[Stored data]
####
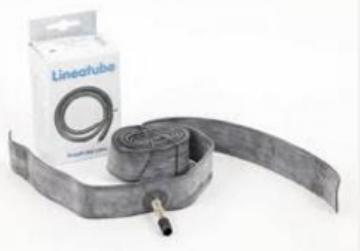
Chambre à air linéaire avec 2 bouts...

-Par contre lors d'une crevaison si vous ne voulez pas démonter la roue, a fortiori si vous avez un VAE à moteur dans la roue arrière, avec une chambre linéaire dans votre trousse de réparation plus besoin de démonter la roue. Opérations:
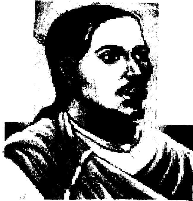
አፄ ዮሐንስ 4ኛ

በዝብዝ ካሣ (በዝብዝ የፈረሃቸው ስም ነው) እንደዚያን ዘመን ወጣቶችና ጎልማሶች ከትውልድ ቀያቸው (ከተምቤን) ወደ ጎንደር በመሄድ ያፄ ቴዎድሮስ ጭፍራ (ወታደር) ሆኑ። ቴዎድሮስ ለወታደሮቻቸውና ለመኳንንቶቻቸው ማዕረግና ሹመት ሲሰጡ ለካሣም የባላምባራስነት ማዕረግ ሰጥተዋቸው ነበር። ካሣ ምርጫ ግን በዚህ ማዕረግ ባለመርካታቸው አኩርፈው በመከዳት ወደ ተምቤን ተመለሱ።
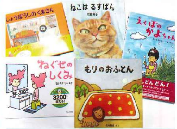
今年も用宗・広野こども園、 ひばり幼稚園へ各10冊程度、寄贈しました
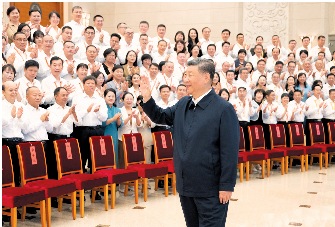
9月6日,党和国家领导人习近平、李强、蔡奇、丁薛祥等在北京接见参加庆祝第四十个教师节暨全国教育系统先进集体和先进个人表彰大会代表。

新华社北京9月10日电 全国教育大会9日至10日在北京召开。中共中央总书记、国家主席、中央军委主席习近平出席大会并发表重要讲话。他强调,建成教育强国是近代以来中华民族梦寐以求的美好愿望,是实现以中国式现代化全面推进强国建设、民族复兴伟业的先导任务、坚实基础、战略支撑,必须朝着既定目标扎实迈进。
####
TRY IT => Beginning at the line that contains "今年も用宗・広野こども園、 ひばり幼稚園へ各10冊程度、寄贈しました", transcribe it and every later line through the last line of the data above, exactly, and drop the pictures.

SOLUTION TO THIS TASK =>
今年も用宗・広野こども園、 ひばり幼稚園へ各10冊程度、寄贈しました
9月6日,党和国家领导人习近平、李强、蔡奇、丁薛祥等在北京接见参加庆祝第四十个教师节暨全国教育系统先进集体和先进个人表彰大会代表。

新华社北京9月10日电 全国教育大会9日至10日在北京召开。中共中央总书记、国家主席、中央军委主席习近平出席大会并发表重要讲话。他强调,建成教育强国是近代以来中华民族梦寐以求的美好愿望,是实现以中国式现代化全面推进强国建设、民族复兴伟业的先导任务、坚实基础、战略支撑,必须朝着既定目标扎实迈进。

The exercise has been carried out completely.